When deciding that you want a new website, whether that is in WordPress or Shopify, there are often two routes that you can choose to go down – template or custom design. Both of these have their pros and cons, which I am going to detail below…

 

Template Design

Effectively a template design is a ‘generic’, pre-built site that is based around a set of pre-defined boxes in which you can place your content. These are available for anyone to purchase, and the owner can tweak the colour palette, add logos, and can usually move around the content in a sort of square, puzzle-like format. This is done either with the help of a developer and by using an in-built Content Management System (CMS). In most cases, these pre-built designs are not very flexible, and you are limited to the parameters set by the template.

The main positive of these limitations is that template websites are cheaper to create because they have already been built, and therefore setting them up is much quicker. However, this also brings with it several drawbacks. As the customisation is very limited, it is difficult to consistently apply your brand image and identity across the site. Alongside this, the layout functionality and the navigation of the site may not be perfectly suited to the purpose of the site, which can have a detrimental effect on the overall user experience.

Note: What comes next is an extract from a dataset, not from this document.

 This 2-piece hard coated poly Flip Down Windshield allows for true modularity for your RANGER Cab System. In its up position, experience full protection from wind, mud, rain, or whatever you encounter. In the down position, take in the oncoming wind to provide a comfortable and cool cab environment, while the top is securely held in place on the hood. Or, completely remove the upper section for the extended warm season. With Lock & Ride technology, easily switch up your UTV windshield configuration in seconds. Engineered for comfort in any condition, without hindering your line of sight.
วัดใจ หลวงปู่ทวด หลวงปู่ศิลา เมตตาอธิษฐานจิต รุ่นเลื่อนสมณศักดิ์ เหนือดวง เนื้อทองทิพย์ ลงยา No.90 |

Another problem that resonates more with the success of your business is that many of these templates are built using outdated, and often substandard code. This can have a negative effect on Search Engine Optimisation (SEO) because finding and indexing the keys words search engines like Google use is made substantially more difficult. These issues can also have an effect on the sites compatibility with browsers, which in turn can increase the lading time for specific pages – something that can be infuriating for the user.

To summarise:

Pros:

  • Relatively inexpensive
  • Can be built quickly

Cons

  • Difficult to find a template exactly matching your needs.
  • Can be negative for SEO purposes
  • Potentially slower loading times

 

Custom Design

A custom, or ‘bespoke’, designed website is one which has been tailor-made to your businesses specific demands and needs. Your requirements will be carefully analysed by designers and developers, who will interpret your brief, and work with you every step of the way to ensure that the design is totally unique to you and your business. This will enable the identity of your business to remain consistent throughout the site, whilst also retaining an overall positive user experience. The control over your online presence will be total – from design to functionality.

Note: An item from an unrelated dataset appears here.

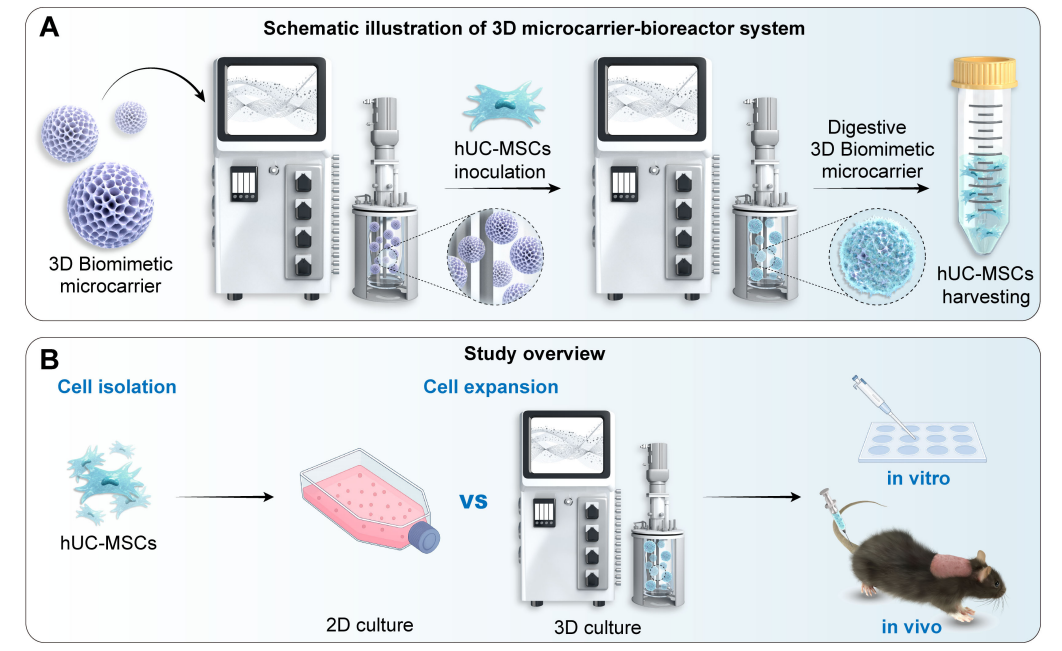本项研究中干细胞三维培养制备技术由中科睿极(海宁)生物科技有限公司提供支持,包括DASEA®生物智造平台的MSCs、DASEA® Ultramedia® Pro培养基、DASEA® Regencarrier® 仿生型微载体、裂解液、DASEA® Regenbio 全自动3D细胞培养系统等。

The website developer will specifically set aside time to ensure that the website works on all the main browsers, as well as the design appearing as it should in multiple formats, including both mobile and tablet devices. Alongside this, an agency such as ourselves will be on hand to make any cosmetic changes, whilst also keeping on top of any urgent technical problems that may arise.

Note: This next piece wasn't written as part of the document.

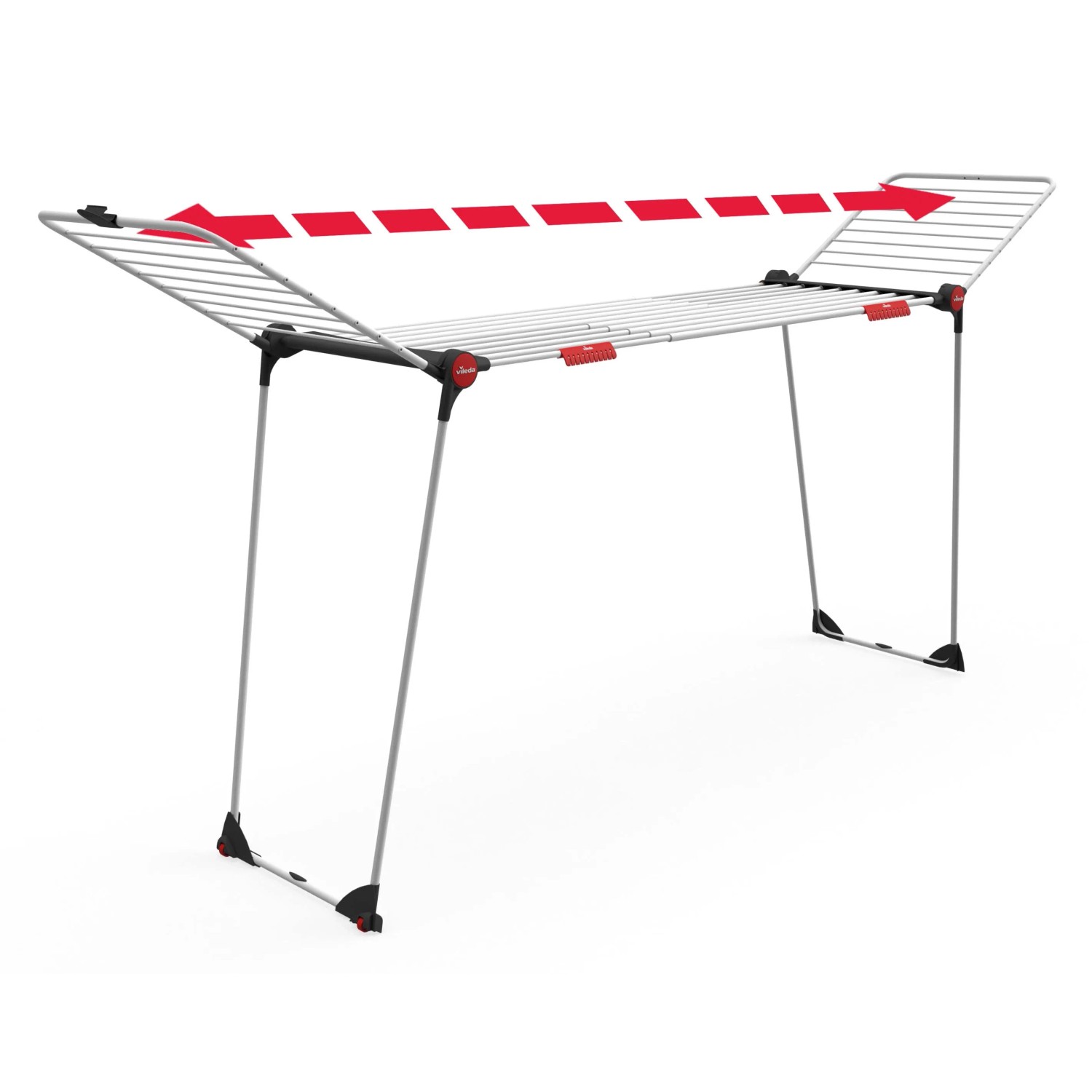 Quando non in uso, lo stendibiancheria può essere riposto facilmente grazie al blocco sulle ali, che consente di ridurre l`ingombro e ottimizzare lo spazio. Questo design salvaspazio è perfetto per chi ha poco spazio disponibile in casa.

Another bonus of a bespoke website is that it can be designed with the future of your business in mind – mainly its growth and development. The expansion of your business will be a key element in the design, making changes to the website as seamless, and with as little hassle, as possible.

Custom designs are inevitably more costly, and in turn, take longer to implement then a template. However, along with your bespoke website, you have an agency such as Diffusion who are able to supply you with a wealth of experience, advice and information to make sure that your online presence is as you intended it to be. This is partially what you are investing in when you pay a bit more for a bespoke site.

To summarise:

Pros

  • Focus the design and functionality around your business model and needs.
  • Fully customisable
  • Have agency support to ensure you get the most out of website.

Cons

  • More expensive
  • Takes longer to setup

 

Summary

Whilst template websites may be cheaper, and can provide you with a quick and easy way to establish an online presence for your business, in the longer term, it is worth making an investment in a bespoke website so that you do not compromise on the quality, usability, or your professional image. Ultimately, you really do get what you pay for.